Hyperbolic motions of any shape exist in the Newtonian N-body problem

You need to know: Euclidean space $E={\mathbb R}^d$ of dimension $d$ , Euclidean norm $||a||$ of vector $a$ , (second) derivative of a function $x:{\mathbb R}\to E$ , small o notation $o(.)$ .

Background: Let N point particles with masses $m_i > 0$ and positions $x_i(t) \in E$ at time $t$ are moving according to Newton’s laws of motion: $m_j \frac{d^2 x_j}{dt^2} = \sum\limits_{i \neq j} \frac{m_i m_j(x_i - x j)}{r_{ij}^3}, \, 1 \leq j \leq N$ , where $r_{ij}$ is the distance between $x_i$ and $x_j$ . The motion of particles is determined by the initial conditions: their masses and their positions and velocities at time $t=0$ . Let $\Omega$ be the set of configurations such that the motion has no collisions ( $r_{ij}(t)>0$ for all $i,j$ and $t$ ). A motion is called hyperbolic if each particle has a different limit velocity vector, that is, $\lim\limits_{t\to \infty} \frac{d x_j}{dt}=a_j \in E$ and $a_i \neq a_j$ whenever $i \neq j$ .

The Theorem: On 25th August 2019, Ezequiel Maderna and Andrea Venturelli submitted to arxiv a paper in which they proved that for the Newtonian N-body problem in a space E of dimension $d\geq 2$ , there are hyperbolic motions $x:[0;+\infty) \to E^N$ such that $x(t) = \sqrt{2h} t a + o(t)$ as $t \to \infty$ for any choice of $x_0 = x(0) \in E^N$ , for any $a=(a_1, \dots, a_N) \in \Omega$ normalized by $||a||=1$ , and for any constant $h>0$ .
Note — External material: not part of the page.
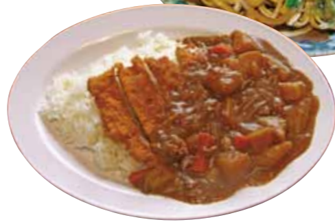
カツカレーライス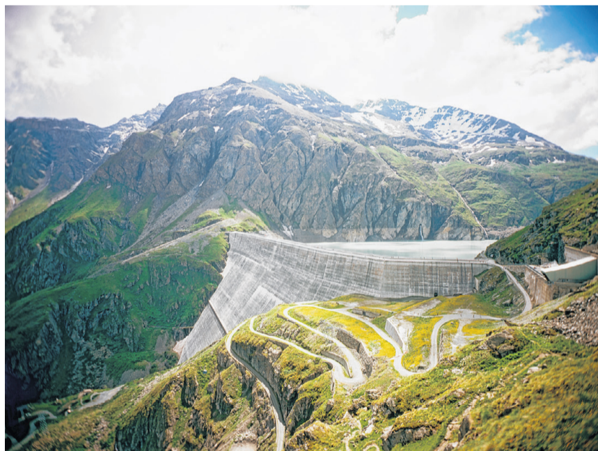
Die Staumauer der Wasserkraftwerksanlage Grande Dixence in den Walliser Alpen.

Short context: The problem of describing motion of N bodies under gravitation (N-body problem) in Euclidean space is a fundamental problem in physics and mathematics, studied by many authors, see, for example, here and here. In general, the motion can be very complicated even for $N=3$ , but can we at least understand hyperbolic motions? The only explicitly known hyperbolic motions are such that the shape of the configuration does not change with time, but it is conjectured that there are only finitely many such motions for any fixed $N$ . In contrast, the Theorem states that hyperbolic motions exist for all initial configurations and all choices of the limited velocities.